Pemanasan Global Mengancam Kopi Arabika Papua
- Mapala Uncen
- Apr 19, 2022
- 2 min read
Kopi Arabika Papua yang ditanam pada daerah dataran tinggi Papua memiliki cita rasa yang khas.

Kopi Arabika Papua dikenal sebagai salah satu kopi terbaik di dunia. Keunikan yang dimiliki oleh Kopi Arabika Papua berasal dari alam yang masih sangat terjaga. Kopi tersebut ditanam pada wilayah dataran tinggi Papua seperti di Yahokimo, Intan Jaya, Pegunungan Bintang hingga Dogiyai, yang mana daerah tersebut memiliki kisaran suhu yang rendah (15 - 21 °C).
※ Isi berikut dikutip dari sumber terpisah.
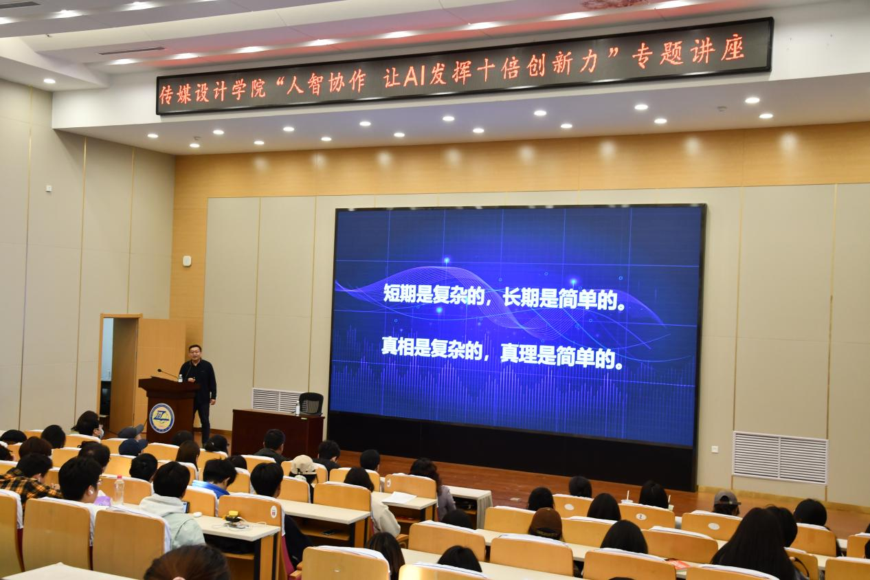 讲座中,谭老师从几次具有里程碑意义的技术革命引入,逐渐深入剖析,将同学们带入了人工智能发展的前沿视野。通过理论阐述及案例分析,剖析了人工智能所蕴含的机遇与挑战,观点新鲜生动且具有前瞻性。在互动环节,谭老师与现场师生一起使用AI工具感受科技魅力,瞬间点燃全场气氛。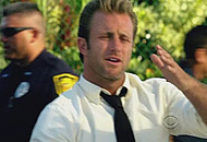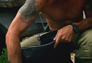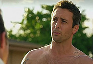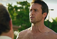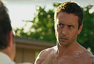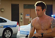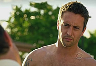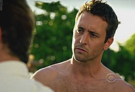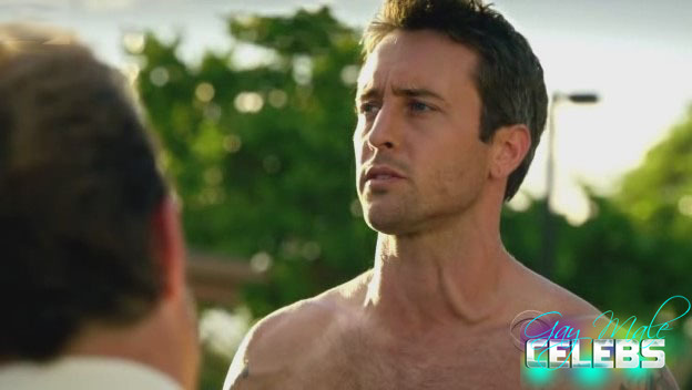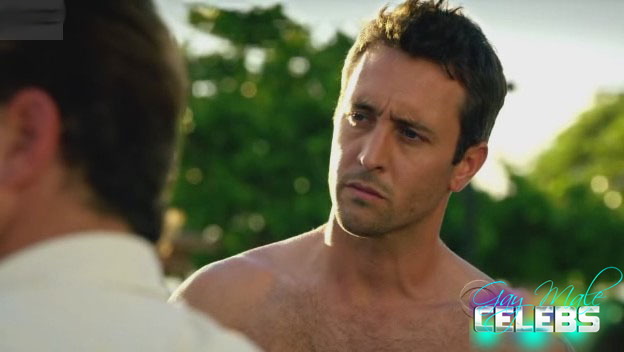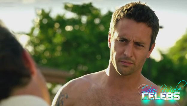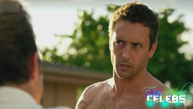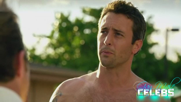 In “Hawaii Five” Alex Oloughlin removes his shirt and stands there in the sun shirtless and flexes with his hot muscles and gorgeous physique. Alex is one handsome dude and we have to see that when he equips his gear on his back and runs away like a macho. In the next scene, he dives out of the water all wet and climbs up on the ship.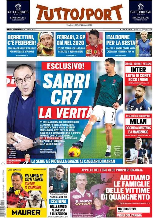 I due principali quotidiani sportivi italiani danno oggi in prima pagina due diverse letture di uno stesso testo. L’argomento è lo stesso da due giorni: l’evidente insoddisfazione di Cristiano Ronaldo al momento della sua sostituzione durante la partita di domenica sera tra la Juventus e il Milan. Ieri il centravanti portoghese ha pubblicato tramite i suoi profili social un testo ritenuto “distensivo” dalla Gazzetta dello Sport e un po’ meno dal Corriere dello Sport.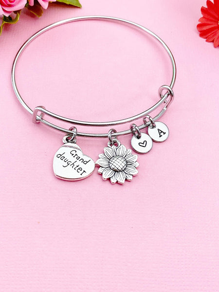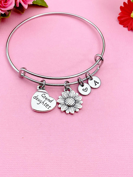 This is a silver-tone granddaughter charm and sunflower charm with hands stamped heart and initial charm on Tarnish Resistant stainless steel bracelet.

Suhu yang ideal bagi pertumbuhan kopi menjadi faktor lingkungan yang perlu diperhatikan. Mengingat suhu adalah faktor penting bagi Kopi Arabika, pemanasan global kini menjadi ancaman besar. Perubahan iklim yang lambat laun mempengaruhi suhu rata-rata di dataran tinggi Papua, tentunya menjadi suatu kekhawatiran bagi Kopi Arabika di wilayah-wilayah dataran tinggi Papua. Berdasarkan hal tersebut, maka diketahui bahwa suhu rendah saat ini sangat baik pada perkembangan kopi tersebut. Dikutip dari Jurnal Horticultural Science, Drinan dan Menzel menyatakan bahwa suhu yang rendah membantu perkembangan kuncup bunga dan memaksimalkan jumlah perbungaan pada kopi.
Tidak dapat dipungkiri lagi jika perubahan iklim menjadi ancaman serius bagi dataran tinggi Papua. Salah satu dampak yang nyata dapat kita lihat dari lelehnya gletser di Puncak Jaya. Dikutip dari Proceedings of the National Academy of Sciences of the United States of America, Permana dkk. (2019) menyatakan bahwa lapisan es di Puncak jaya meleleh 5,4 kali lipat lebih cepat dalam 8 tahun terakhir. Melihat salah satu kasus tersebut, maka perlu dilakukan penanganan serius untuk menjaga suhu ideal dataran tinggi Papua demi pertumbuhan dan perkembangan Kopi Arabika Papua. Upaya yang dapat dilakukan yakni melindungi eksistensi hutan tropis dan reboisasi pada lahan kosong.

REFERENSI ↗ Drinnan, J.E. and Menzel, C.M., 1995. Temperature affects vegetative growth and flowering of coffee (Coffea arabica L.). Journal of Horticultural Science, 70(1), pp.25-34.
↗ Permana, D.S., Thompson, L.G., Mosley-Thompson, E., Davis, M.E., Lin, P.N., Nicolas, J.P., Bolzan, J.F., Bird, B.W., Mikhalenko, V.N., Gabrielli, P. and Zagorodnov, V., 2019. Disappearance of the last tropical glaciers in the Western Pacific Warm Pool (Papua, Indonesia) appears imminent. Proceedings of the National Academy of Sciences, 116(52), pp.26382-26388.